Quando se fala de animais em situação ilegal pode-se falar de todo um conjunto de situações: desde capturados em ambiente selvagem, criados por criadores que desenvolvem a sua actividade sem licença, comercializados sem documentação, mantidos e transportados sem condições de bem-estar animal. São muitas as situações com que se deparam aqueles que fiscalizam esta actividade.



O tráfico de vida selvagem é considerado a terceira actividade ilícita mais rentável do mundo, a seguir às drogas e ao armamento. Fontes governamentais norte americanas estimam um negócio anual de 10 mil milhões de dólares, sendo as aves o grupo animal mais contrabandeado. As mesmas fontes estimam que entre 2 a 5 milhões de aves são contrabandeadas anualmente, em todo o mundo.

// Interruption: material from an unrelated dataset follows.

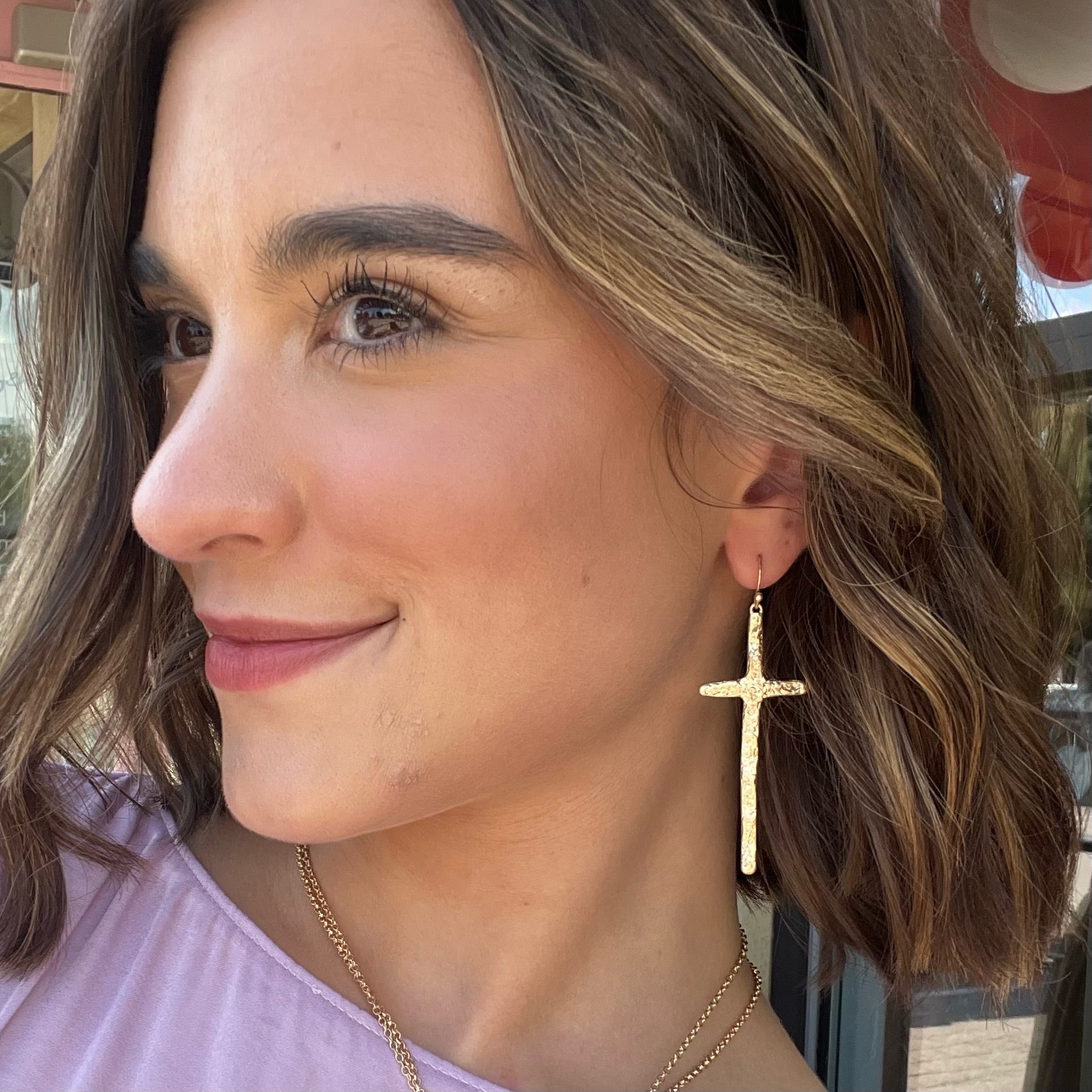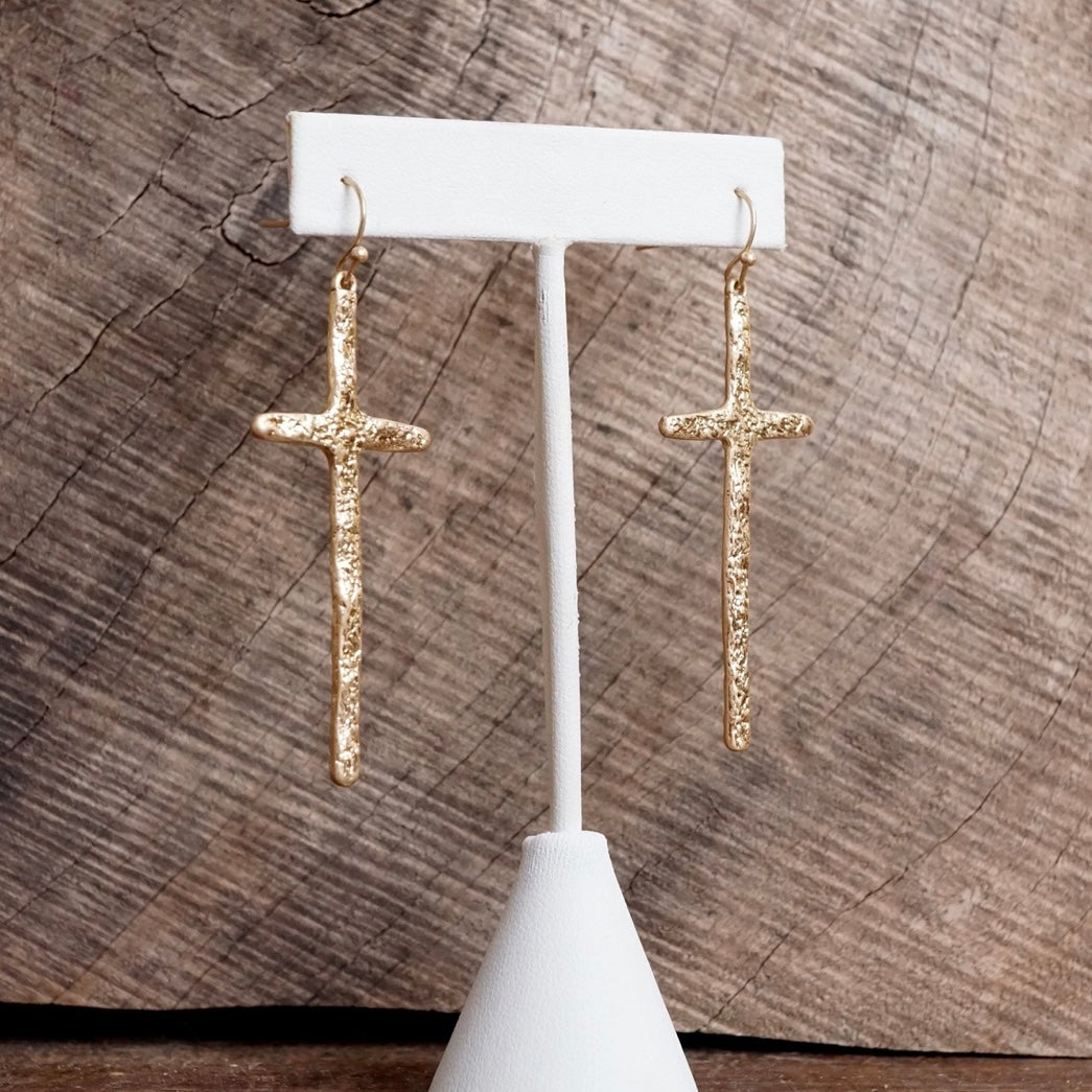 These hammered gold cross earrings are a stunning statement of faith and fashion. With their rustic, handcrafted finish and elegant drop design, they add a meaningful touch to any outfit—whether you're dressing up for Sunday brunch or keeping it casual!

Notícias chocantes, verdade? Mas antes que nos dediquemos àquela tão confortável actividade de expressarmos a nossa discordância com um pequeno aceno de cabeça, talvez comentando a notícia em voz alta, antes de passarmos à frente por acharmos que esta parte do mundo "está lá tão longe", é importante que percebamos qual o nosso papel no meio de todo este negócio. Sim, temos um papel. E bem mais activo do que imaginamos. Basta observarmos o comportamento das pessoas nas lojas de animais, ou nas feiras.



Há uns dias entrei numa loja de animais e reparei num ponto daquele estabelecimento que atraía mais pessoas, que se concentravam com enorme interesse. Dentro de pequenas jaulas estavam um quati (mamífero do continente Americano) e uma doninha. Os clientes da loja olhavam deliciados. As pessoas são atraídas pelo exotismo do que não conhecem. Querem ter consigo um pouco do que só costumam ver na televisão. Acabam por ceder ao impulso de adquirir um animal, sabendo pouco ou nada sobre a sua origem, legalidade, necessidades da espécie ou da sua própria capacidade de o manter. Afinal, se está à venda na loja então deve poder-se tê-lo em casa.

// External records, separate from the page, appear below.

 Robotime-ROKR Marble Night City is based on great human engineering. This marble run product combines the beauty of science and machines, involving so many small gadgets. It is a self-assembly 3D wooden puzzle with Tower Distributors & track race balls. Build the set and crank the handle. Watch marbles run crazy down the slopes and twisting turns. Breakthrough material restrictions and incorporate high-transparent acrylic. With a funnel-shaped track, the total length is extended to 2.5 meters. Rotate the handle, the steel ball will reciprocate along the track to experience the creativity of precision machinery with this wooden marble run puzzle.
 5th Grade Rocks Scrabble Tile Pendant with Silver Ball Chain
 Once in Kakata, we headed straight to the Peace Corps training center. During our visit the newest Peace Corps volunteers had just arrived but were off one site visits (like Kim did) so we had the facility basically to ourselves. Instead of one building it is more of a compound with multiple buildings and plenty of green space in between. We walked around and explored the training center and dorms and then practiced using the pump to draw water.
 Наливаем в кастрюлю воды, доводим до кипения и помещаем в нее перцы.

Nós temos sempre, em questões de tráfico, o papel determinante nessa actividade. Se não existir procura não há necessidade de oferta. E não é por se tratar de um canário, um cágado ou um porquinho-da-Índia que se torna menos errado. Tratando-se de uma loja de animais, de uma feira ou mesmo do contacto na internet com um suposto criador, cabe-nos a nós procurar conhecer a origem do animal, a legalidade em que se encontra, as condições em que é mantido e em que chegará até nós. É importante que tenhamos noção que somos responsáveis pelo bem-estar daquele animal ainda antes deste chegar a nossa casa. Porque ao chegarmos a acordo com quem o está a vender, estamos a concordar com toda a sua prática.



Mas é ainda essencial percebermos se temos capacidade para acompanhar aquele animal durante toda a sua vida, dando-lhe as condições de que necessita. E mais importante que tudo é colocarmo-nos a pergunta: com tantos animais sem dono, e a necessitarem de serem adoptados, precisamos mesmo de ir comprar um?